Ricerche concluse a Legnago: trovato il cadavere della 29enne Natasha Chokobok

Il corpo senza vita di una giovane donna bionda è stato avvistato in un'ansa del fiume

Natasha Chokobok - ph Facebook

Si sono concluse nel modo più drammatico le ricerche della donna 29enne, madre di una bimba di soli 6 anni, Natasha Chokobok scomparsa dalla sera del 9 aprile scorso a Porto di Legnago. Il suo corpo senza vita è stato avvistato quest'oggi, dopo che si erano attivati sia l'elicottero dei vigili del fuoco, sia le unità cinofile.
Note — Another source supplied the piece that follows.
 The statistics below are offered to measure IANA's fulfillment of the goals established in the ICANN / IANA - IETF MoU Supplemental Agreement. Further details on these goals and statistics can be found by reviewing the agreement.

Manca solo il riconoscimento ufficiale, ma il corpo senza vita di una giovane donna bionda ritrovato questa mattina dovrebbe con ogni probabilità essere quello di Natasha.

I carabinieri della compagnia di Legnago hanno effettuato il recupero della salma, ritrovata nei pressi di un'ansa del fiume Adige, a circa un chilometro di distanza dal ponte Principe Umberto che separa il Comune di Legnago dalla frazione di Porto. La procedura di recupero del cadevere è stata compiuta con particolare delicatezza ed attenzione, poiché sarà sicuramente necessario svolgere nelle prossime ore l'autopsia per stabilire le cause esatte della morte della donna.
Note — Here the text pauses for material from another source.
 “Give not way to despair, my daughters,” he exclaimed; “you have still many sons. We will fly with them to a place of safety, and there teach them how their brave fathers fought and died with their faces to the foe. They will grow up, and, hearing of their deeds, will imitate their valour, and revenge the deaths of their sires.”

Tra le ipotesi al vaglio degli inquirenti, al momento non si esclude quella del gesto estremo, ma sarà appunto l'esame autoptico a certificare o meno la presenza di eventuali segni di violenza esterna, in prima battuta non riscontrati dal medico legale, o altri fattori che potrebbero lasciare aperte piste alternative.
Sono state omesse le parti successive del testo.